= Beginning of Section =

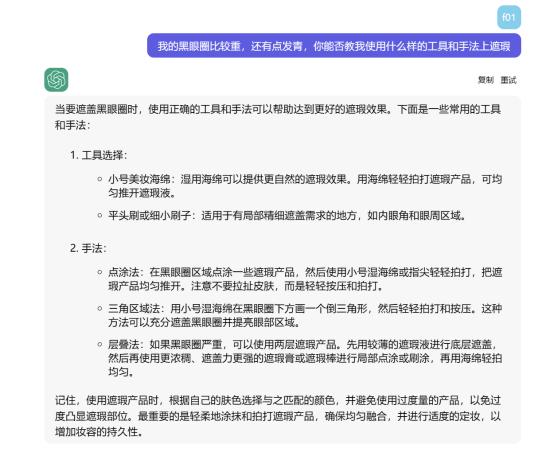 但当输入给ChatGPT一个较为精细的定制化问题时:“黑眼圈很重,还发青,用什么样的工具和手法才能完美遮住?”AI老师仿佛只会将适合大众的方法输出出来,无法再根据问题给予完美的回答。
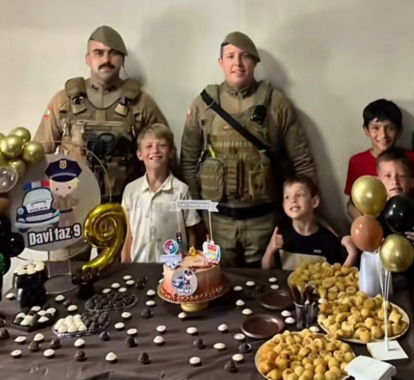 O pedido partiu da família, que entrou em contato com o 7º Batalhão da Polícia Militar. Atendendo à solicitação, os policiais Cb Rocha e Sd Ruppel participaram da festa, interagindo com Davi e os convidados, mostrando equipamentos e reforçando a importância da segurança e do respeito à comunidade.
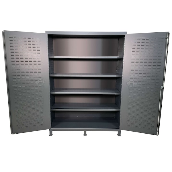 This shelf only style cabinet has louvered bin brackets on the full-length of the door. These louvers are used to easily hang plastic storage bins for convenient and organized access to parts and supplies. (4) Shelves are included, easily adjustable on 7 3/8” increments, and with a 1,000 lb. capacity each. Shelves are 18” deep to allow room for bins on doors to be unobstructed when closed. Doors utilize premium full length piano hinges to maximize the stability, durability, and longevity of the cabinet. The convenient handle with 3-point locking system helps keep supplies, inventory and other valuables secure (keys included). Additional accessories are sold separately.
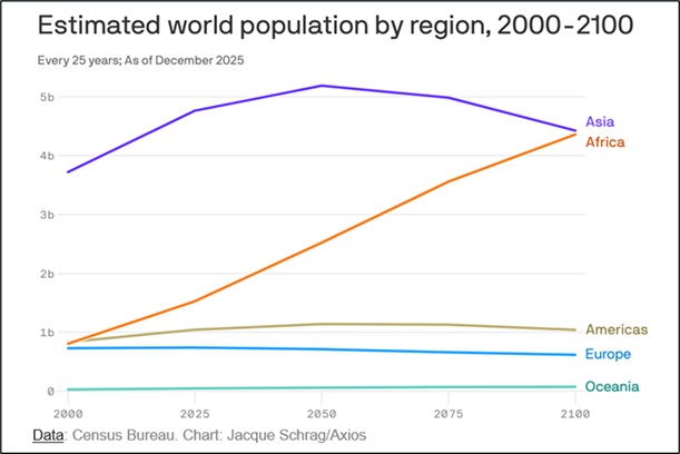 Global Demographics: New research by the Census Bureau finds that Africa’s continued high birth rates compared with other regions will make it the world’s demographic center of gravity by 2100, with several “mega-nations,” more geopolitical power, and potentially the fastest economic growth of all regions. Coupled with Africa’s valuable mineral resources, we think the continent’s population growth could also help make it a rising investment destination, especially if African nations can improve their political and economic institutions.

= End of Section =

Task prompt: Restate all of the material word for word, leaving every picture out.

Exercise response:
 但当输入给ChatGPT一个较为精细的定制化问题时:“黑眼圈很重,还发青,用什么样的工具和手法才能完美遮住?”AI老师仿佛只会将适合大众的方法输出出来,无法再根据问题给予完美的回答。
 O pedido partiu da família, que entrou em contato com o 7º Batalhão da Polícia Militar. Atendendo à solicitação, os policiais Cb Rocha e Sd Ruppel participaram da festa, interagindo com Davi e os convidados, mostrando equipamentos e reforçando a importância da segurança e do respeito à comunidade.
 This shelf only style cabinet has louvered bin brackets on the full-length of the door. These louvers are used to easily hang plastic storage bins for convenient and organized access to parts and supplies. (4) Shelves are included, easily adjustable on 7 3/8” increments, and with a 1,000 lb. capacity each. Shelves are 18” deep to allow room for bins on doors to be unobstructed when closed. Doors utilize premium full length piano hinges to maximize the stability, durability, and longevity of the cabinet. The convenient handle with 3-point locking system helps keep supplies, inventory and other valuables secure (keys included). Additional accessories are sold separately.
 Global Demographics: New research by the Census Bureau finds that Africa’s continued high birth rates compared with other regions will make it the world’s demographic center of gravity by 2100, with several “mega-nations,” more geopolitical power, and potentially the fastest economic growth of all regions. Coupled with Africa’s valuable mineral resources, we think the continent’s population growth could also help make it a rising investment destination, especially if African nations can improve their political and economic institutions.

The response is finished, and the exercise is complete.